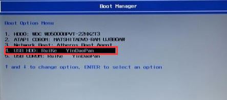 5、插入U盘启动盘,重启时不停的按下f12,打开Boot Manager,选择USB HDD回车从U盘启动,如截图:
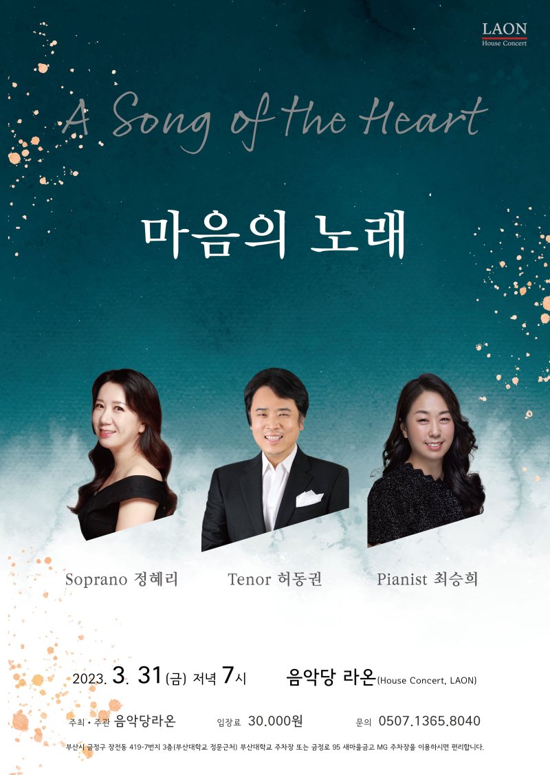 테너 허동권, 소프라노 정혜리, 피아니스트 최승희님의 ‘마음의 노래’ 입니다. 한국가곡과 이태리, 프랑스 가곡 뿐만 아니라 오페라 아리아까지 멋진 두 성악가분께서 다양한 곡들을 들려주신다고 하니 많은 관심 부탁드립니다.
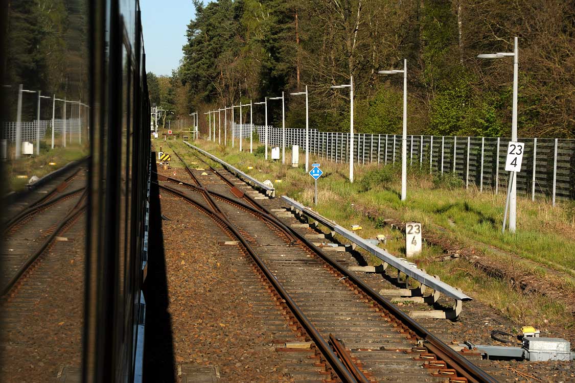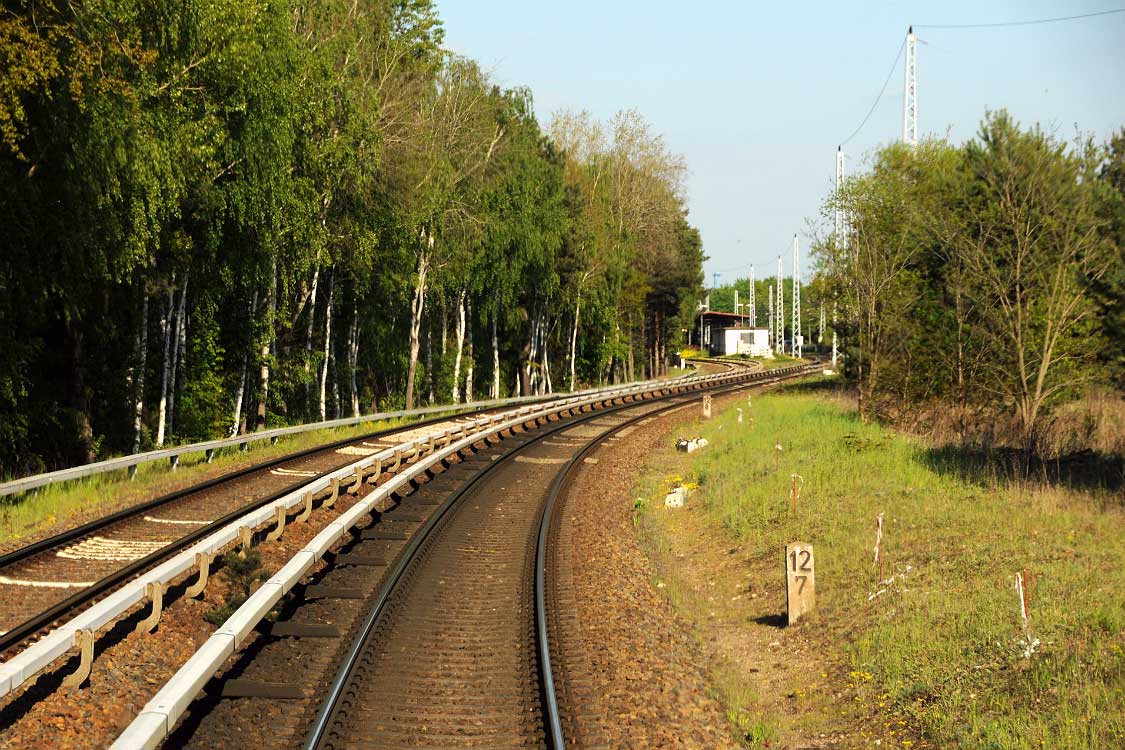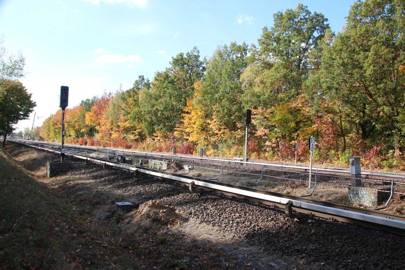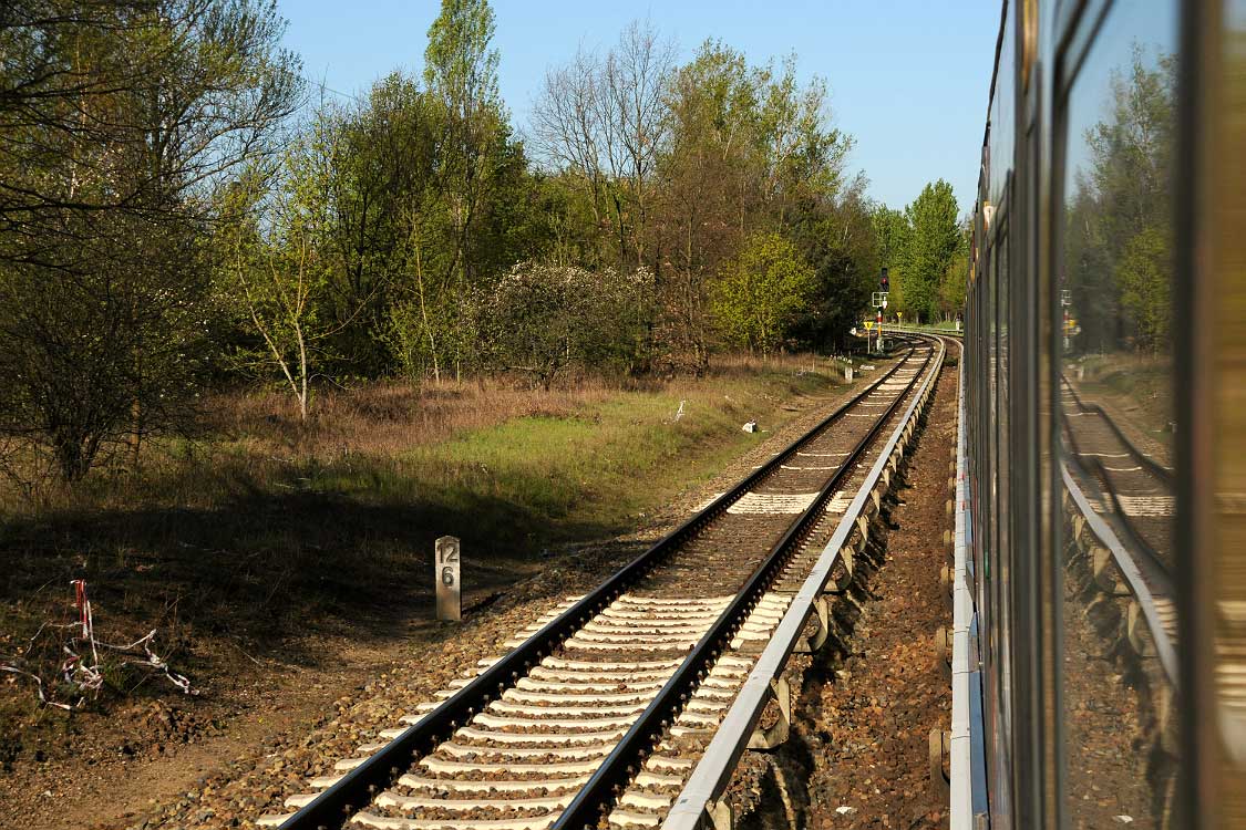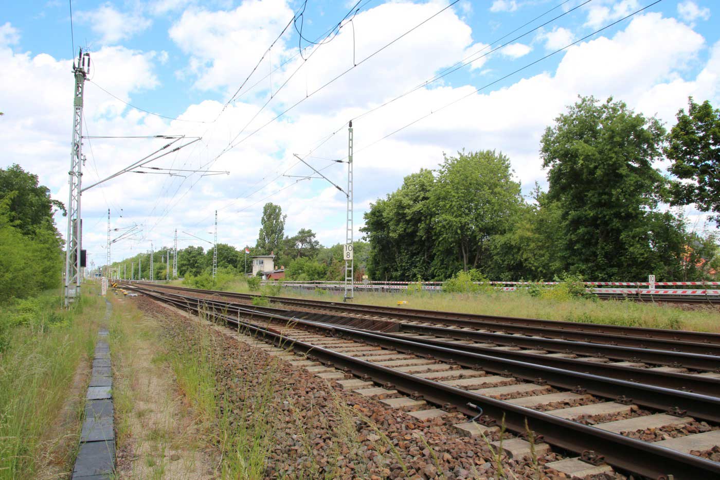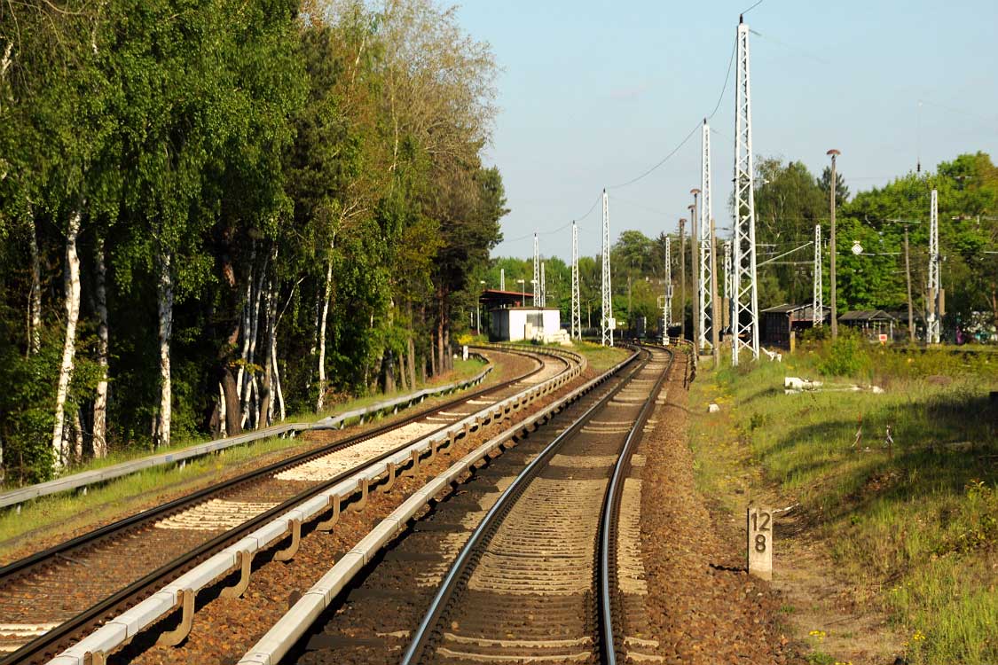 Mittig die beiden Gleise der Schlesischen Bahn mit km 10,2

YOUR OBJECTIVE >> Your response must reproduce the listing above word for word and must contain none of its pictures.

SOLUTION FOR THIS EXERCISE >>
 5、插入U盘启动盘,重启时不停的按下f12,打开Boot Manager,选择USB HDD回车从U盘启动,如截图:
 테너 허동권, 소프라노 정혜리, 피아니스트 최승희님의 ‘마음의 노래’ 입니다. 한국가곡과 이태리, 프랑스 가곡 뿐만 아니라 오페라 아리아까지 멋진 두 성악가분께서 다양한 곡들을 들려주신다고 하니 많은 관심 부탁드립니다.
 Mittig die beiden Gleise der Schlesischen Bahn mit km 10,2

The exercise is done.